Underlying Renaissance Re's success is development of REMS, a catastrophe management computer system that allows underwriters to evaluate risks to a particular client as well as risks to the company's portfolio. According to Stanard, in the late 1980s only rudimentary models for predicting the probability of where hurricanes and earthquakes might strike existed. The techies who designed these models typically held midlevel positions rather than being a part of top management. Computer modeling took a quantum leap when Andrew elevated risk management to a survival issue requiring attention at the highest levels of insurance companies. That, coupled with an increase in computer power in the 1990s and a management team with technology backgrounds, gave Renaissance a competitive edge in designing a modeling program that has now been adopted by most of the industry.

" We built our own software so that an underwriter could use it at the desk and understand the risk on our portfolio," Stanard says. " You can have the greatest models in the world, but if your decision makers don't use them, that's doing you no good. We succeeded in the integration of having the traders use what the quants create."

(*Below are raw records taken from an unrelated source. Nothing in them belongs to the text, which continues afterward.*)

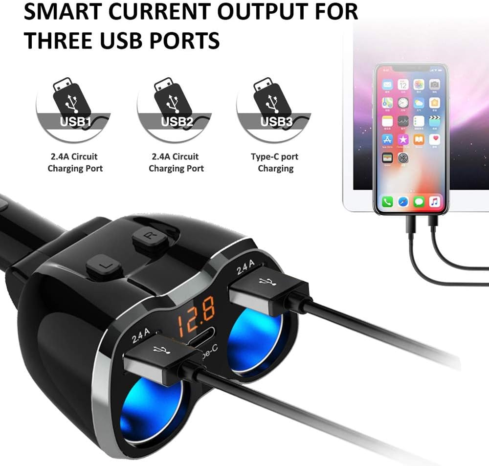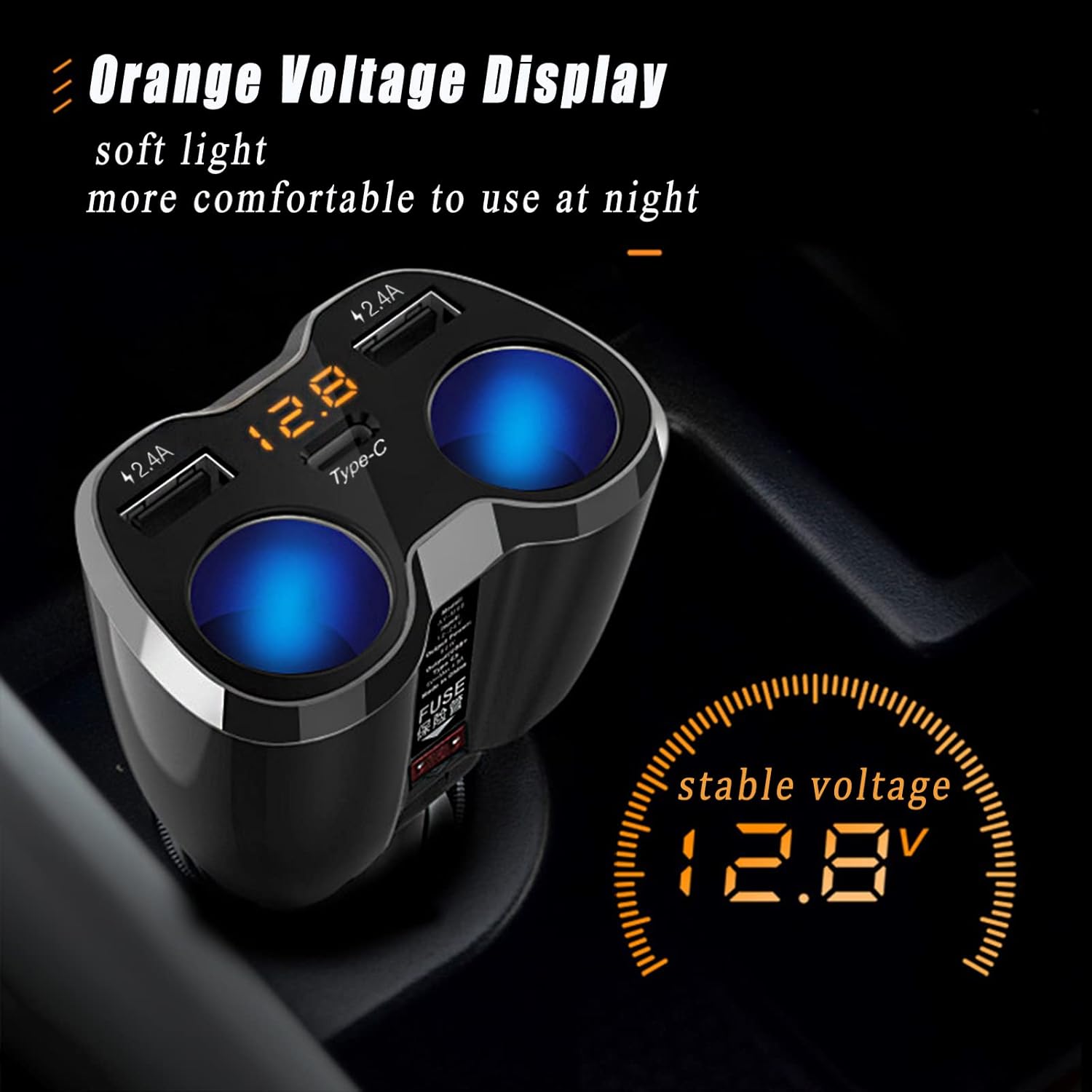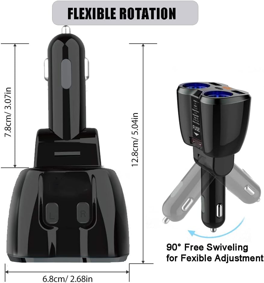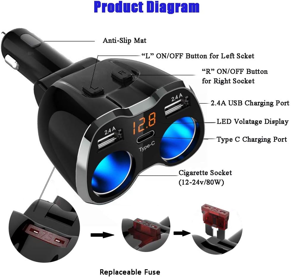 Built-in replaceable 7.5A fuse and smart IC protect the devices and the car from overheating, overload or short circuit. If the working power exceeds 80W or the input voltage is below 7V, the cigarette lighter splitter will automatically turn off.
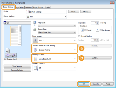 Selecionar [1-sided Printing] (Impressão em 1 Lado) ou [2-sided Printing] (Impressão em 2 Lados) em [1-sided/2-sided/Booklet Printing] (1 Lado/2 Lados/Impressão de Brochura)
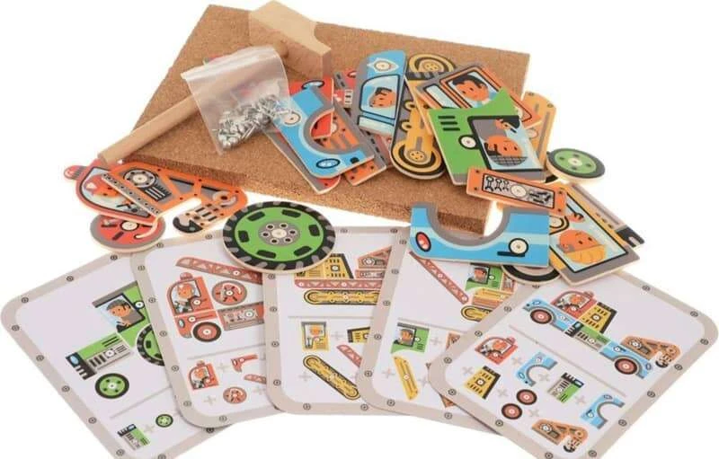 | Contenu du produit | 24 pièces en bois, illustrées et trouées Clous 1 planche de liège 1 marteau en bois 5 cartes Boite en bois |

An attention to capital management is another ingredient in Renaissance's ability to manage risk. With 30 years in the insurance industry, much of it in the reinsurance area, Stanard is familiar with industry cycles. He describes those cycles like this: The insurance market experiences periodic shocks, during which some companies dissolve and others form in the window of opportunity. During the hard market phase, these new companies experience growth, but, eventually, a softening follows, during which premiums drop and opportunities lessen. Fiscal management during the soft market phases is essential to sustain the business, Stanard says.

STORMY WEATHER, SILVER LININGS

The period following September 11 ushered in one of these hard markets for specialty reinsurers. Six new companies with capital ranging between $1 billion to more than $2 billion formed within a matter of weeks after the World Trade Center collapsed. The market hardened further as the corporate governance failures of Enron and WorldCom became public. A spate of asbestos losses and a downturn in the stock markets in 2002 contributed to what Stanard describes as "a perfect storm in the insurance market."

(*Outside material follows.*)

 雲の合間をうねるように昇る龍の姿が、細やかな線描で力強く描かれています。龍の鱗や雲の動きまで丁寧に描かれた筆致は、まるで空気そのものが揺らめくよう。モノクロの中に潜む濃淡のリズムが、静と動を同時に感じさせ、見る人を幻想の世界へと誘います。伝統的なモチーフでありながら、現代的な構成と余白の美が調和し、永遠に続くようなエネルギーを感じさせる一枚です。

Renaissance was well positioned to enter markets that others were leaving. It formed a business plan to offer new products, including terrorism reinsurance.

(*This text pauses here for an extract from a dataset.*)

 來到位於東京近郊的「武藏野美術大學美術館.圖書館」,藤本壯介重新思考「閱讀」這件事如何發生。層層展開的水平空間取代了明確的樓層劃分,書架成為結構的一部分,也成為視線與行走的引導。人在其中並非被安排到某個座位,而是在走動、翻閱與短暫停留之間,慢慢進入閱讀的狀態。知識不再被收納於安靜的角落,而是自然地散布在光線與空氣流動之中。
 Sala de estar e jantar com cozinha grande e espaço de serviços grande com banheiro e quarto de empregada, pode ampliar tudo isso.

Whereas Renaissance uses different computer models to evaluate terrorism risks or risks in the financial securities market, it does operate in those areas with the same philosophy on which it has based business since its beginning. According to Stanard, Renaissance looks for products to sell where there is an ability to assess risks. In other words, the company lacks interest in offering umbrella liability for areas where risk cannot be predicted and legal exposure is unknown. Instead it focuses on areas - whether property catastrophe, financial guarantees or terrorism - where variables can be modeled and risks assessed.

The company also has little interest in diversification, moving only into areas where it can overlay its expertise with an opportunity in the market or with a partner where skills are complementary. "Diversity is overrated as a risk management technique," says Stanard. "Adding complexity is more risky."